This book doesn't have just one main character, it has 3. Firstly, there is Isabelle, the lady who is the awful position of having run over and killed April, a woman who stopped in the middle of an impossibly foggy highway one morning. Second and third, we have Charlie and Sam, respectively April's widower and son, who are struggling to deal with their loss and not dealing with it especially well. The book begins with April deciding to run away, although we aren't told why, and proceeds to the awful car crash. This is well handled by Leavitt, and made for quite odd reading - you know what's coming and don't want to read too much, but at the same time, you simply have to know what's going to happen next. Leavitt really manages to set the scene so well, describing the setting, the mood, the characters so well that you can't help but love every word that's being written.

Firstly, I really felt for the character of Isabelle. She has killed someone accidentally, but of course is haunted by her actions, and repeatedly wonders what she could have done differently to avoid what had happened. You can feel her pain through Leavitt's writing, she really puts poor old Isabelle through the wringer yet it's completely believable. I did find her slight obsession with Charlie and especially Sam a little disconcerting because it seemed a bit odd, and I found it a little awkward at times, but as it progressed, it seemed to somehow make sense and was so well done by Leavitt. I just really liked Isabelle, and how she did eventually begin to realise the importance of life and putting herself first.
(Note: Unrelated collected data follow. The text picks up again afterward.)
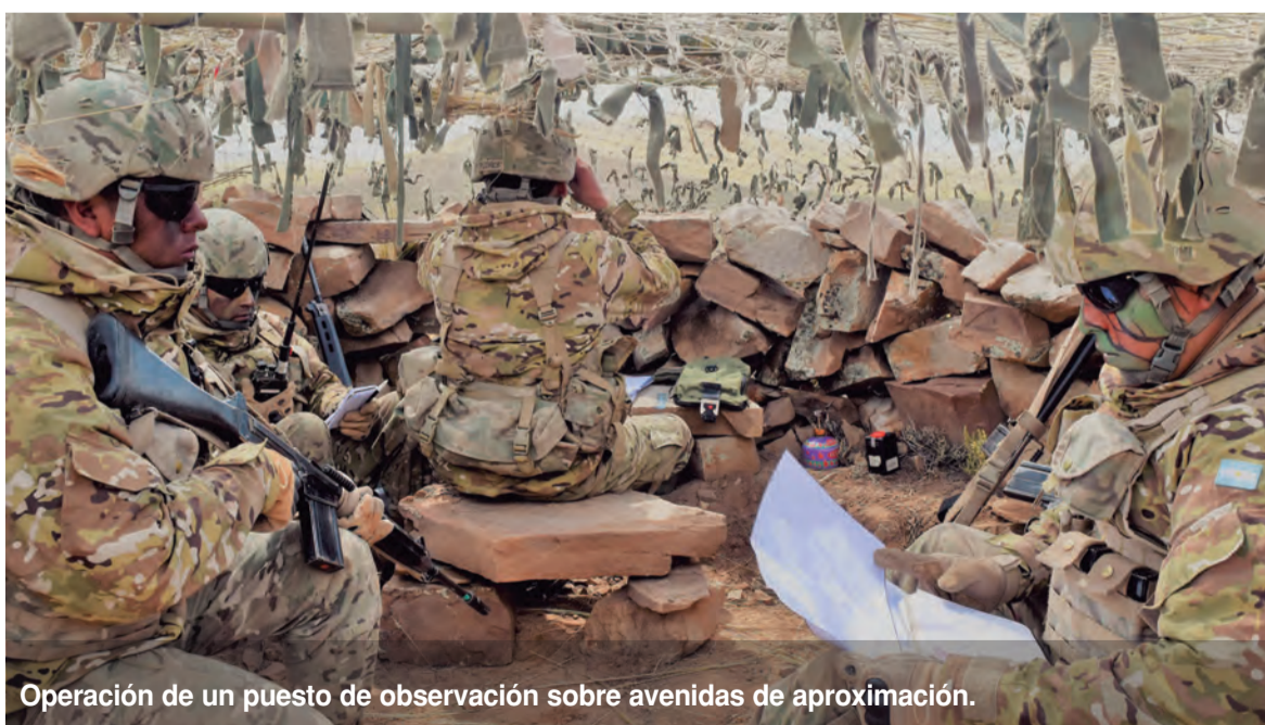
Operación de un puesto de observación sobre avenidas de aproximación.

que se ponen a disposición. Hace poco el presidente de la Nación hizo entrega efectiva de todo tipo de materiales, algunos de avanzada tecnología. Ello permitirá aumentar las capacidades de la gente que está trabajando en el Norte. Recordemos que el Ejército es una institución del Estado y está operando en zonas que
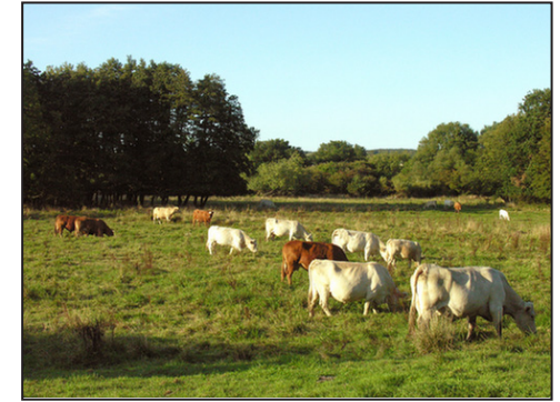
5: Kreaturer afgræser den smukke strandeng mellem Busene Have og skansen.
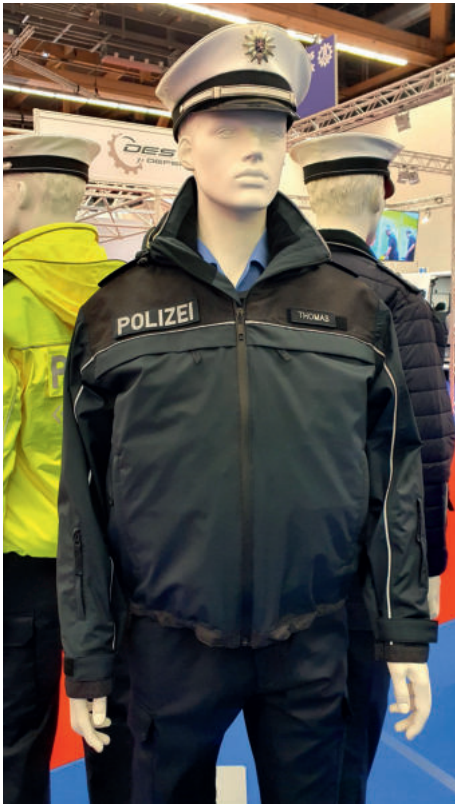
Tragevariante Nr. 1 für den alltäglichen Dienst

Weiter wurde auch ein Testfahrzeug mit Plug-in-Hybrid vorgestellt, welches jedoch laut Mitarbeiter vor Ort voraussichtlich nicht in Serie gehen sollte, da diese Technologie nicht gefördert werde. Ebenso neu bei der Ausstellung war die Firma Tesla, welche gleich zwei Fahrzeuge für den Bereich Polizei vorstellte.
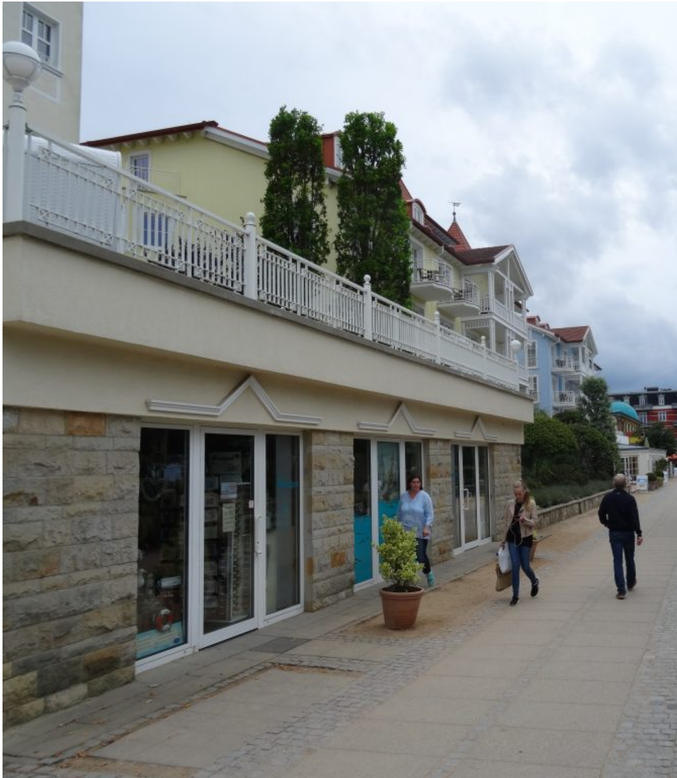
Boulevard van Zinnowitch
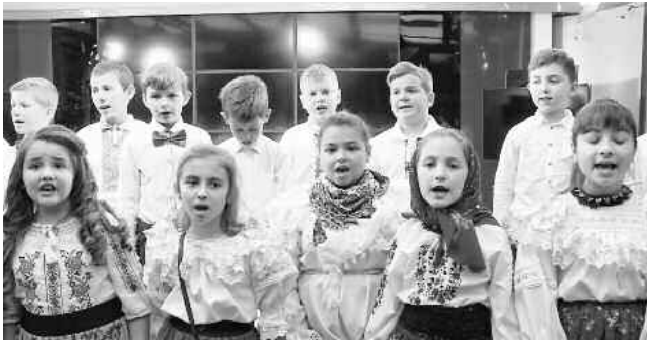
Colindători din Călinești la Informația Zilei și ITV

Cei mai mulți își petrec noaptea în compania familiei și a cunoscuților, transformând-o într-un motiv de petrecere și de voie bună. Fetele tinere așteaptă cu nerăbdare această noapte, sperând că în timpul somnului își vor visa ursitul sau viitorul soț. În ziua de Anul Nou fiecare om are mare grijă în tot ceea ce întreprinde, să nu se certe cu nimeni, să nu facă fapte rele, să nu-și atragă ura nimănui, deoarece așa cum se comportă în această primă zi, așa îi va merge tot anul. Inșă, pe lângă aceste superstiții transmise de-a lungul anilor, locuitorii județului nostru au păstrat cu sfințenie și alte obiceiuri, care oglindesc credința, traiul, bucuriile și aspirațiile lor.
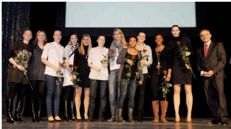
Koszykarki LOTOS-u najlepsza żeńska drużyna
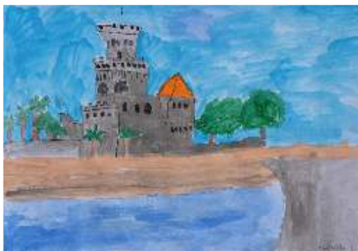
Margarida Leandro - A Praia do Tamariz Aguarela s/papel, 2ºA

É um prazer para cada aluno experimentar pintar com aguarela, sendo sempre uma experiência quase mágica. Os alunos tiram partido da plasticidade do material e experimentam com gosto a mistura de tintas. Participar no concurso é uma boa oportunidade para os alunos verem os seus trabalhos expostos e partilharem a experiência com alunos de outras escolas.
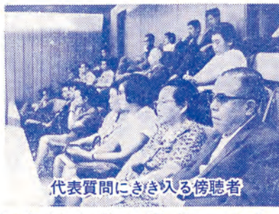
代表質問にきき入る傍聴者

均等割税の撤廃について 均等割は年所得20万円の階層から高額所得者と同額を徴収する悪税だ。撤廃を政府、都に要請す

Secondly, we have Sam and Charlie. It was horrible to read their pain, especially Sam's, who just wants his mum. Charlie also seems bereft by the loss of his beloved wife, and the pair are clearly completely ruined over her death, and the secrets that are eventually revealed in time too. I really liked that Leavitt made Sam his own character, introducing a quite fascinating hobby for such a young boy, photography, and I think that added a new dimension to him and the story. Charlie was also a really well written character, well developed in terms of being a widower, a father and someone struggling with life as it is at the moment. You feel desperately sorry for him because of his situation, and due to that, we are all sympathetic readers, and care about the characters within.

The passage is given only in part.